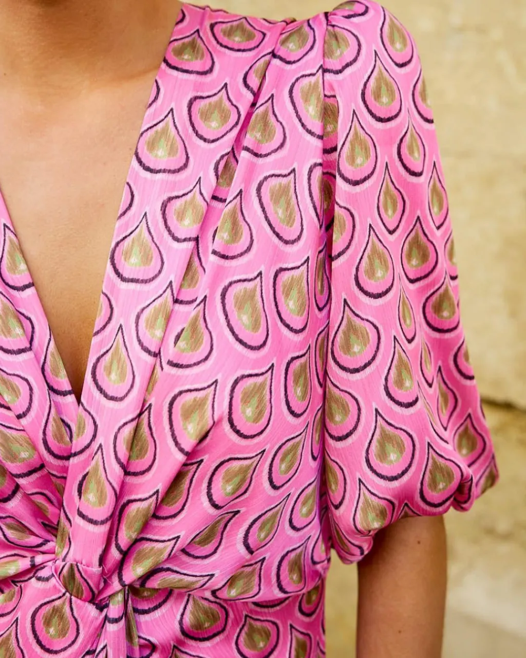 Vestido largo con estampado de lágrimas en color rosa. Escote en pico. Corte en la cintura. Detalle de fruncido debajo del pecho que baja hasta la falda. Manga corta y ligeramente abullonada terminada en elástico. Cierre de cremallera en la espalda. Flada con vuelo y con corte central. Tejido muy cómod y suave. Incluye forro interior. Vestido muy femenino y estiloso para deslumbrar en los eventos de la temporada.
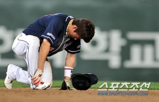 두산 고영민이 발목 통증이 도져 교체됐다.
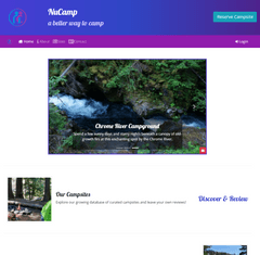NuCamp Campsite reservation Site. This site was built with React, and Node.JS. Check out the campsites, leave a review, and reserve your spot.
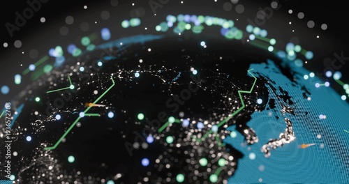 © vectorfusionart, Naklejka premium Displaying digital globe rotating in dark void, showing city lights, neon lines, nodes, cyan mesh
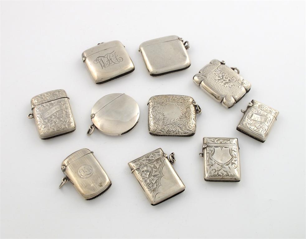 A collection of ten silver vesta cases,
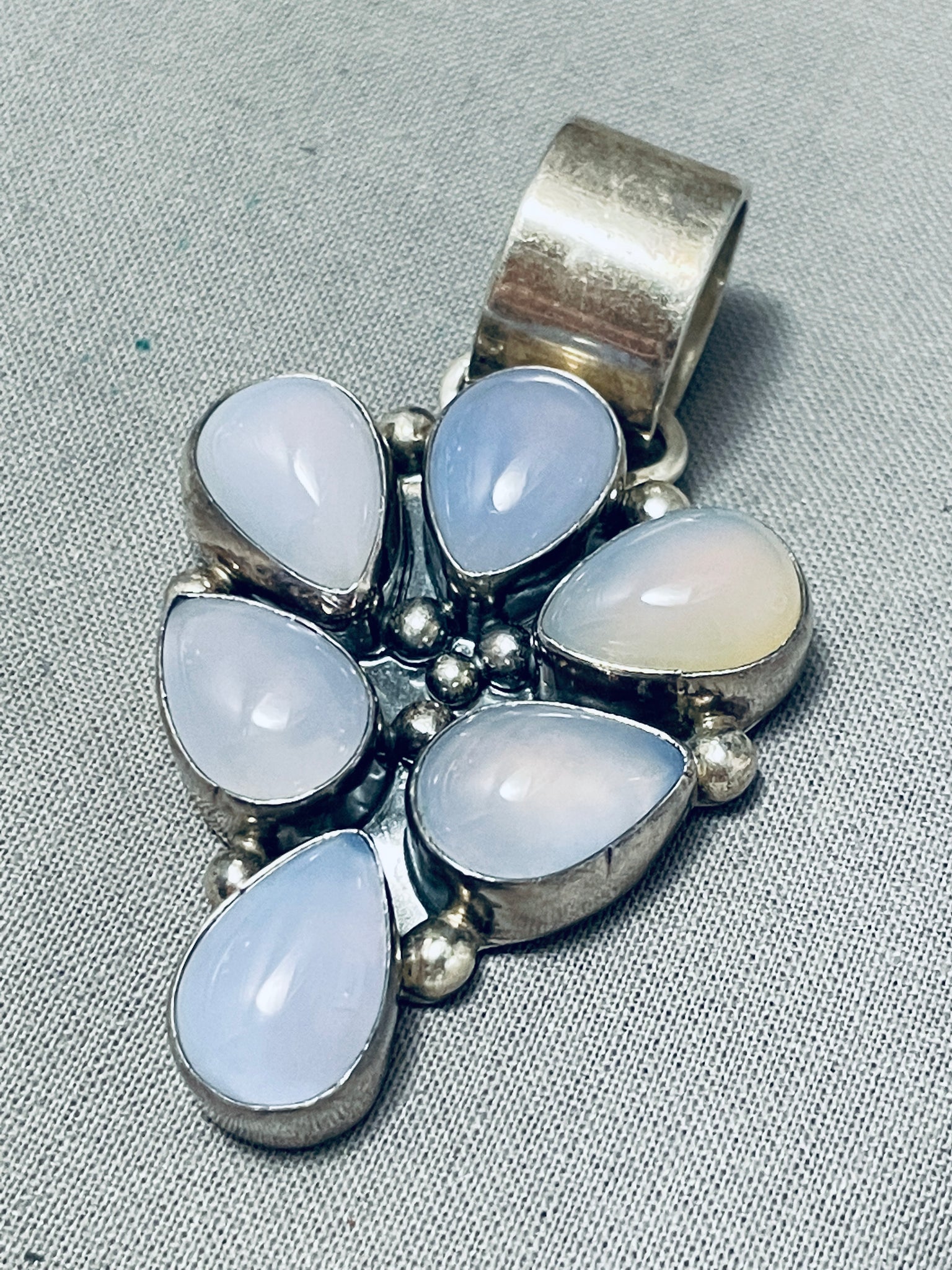 Breathtaking Native American Navajo Moonstone Sterling Silver Pendant Signed

--------------------------------------------------

Once the line containing "nodes, cyan mesh" is found in the records above, it and every line after it up to the last must be repeated exactly, without pictures.

_Output_.
 © vectorfusionart, Naklejka premium Displaying digital globe rotating in dark void, showing city lights, neon lines, nodes, cyan mesh
 A collection of ten silver vesta cases,
 Breathtaking Native American Navajo Moonstone Sterling Silver Pendant Signed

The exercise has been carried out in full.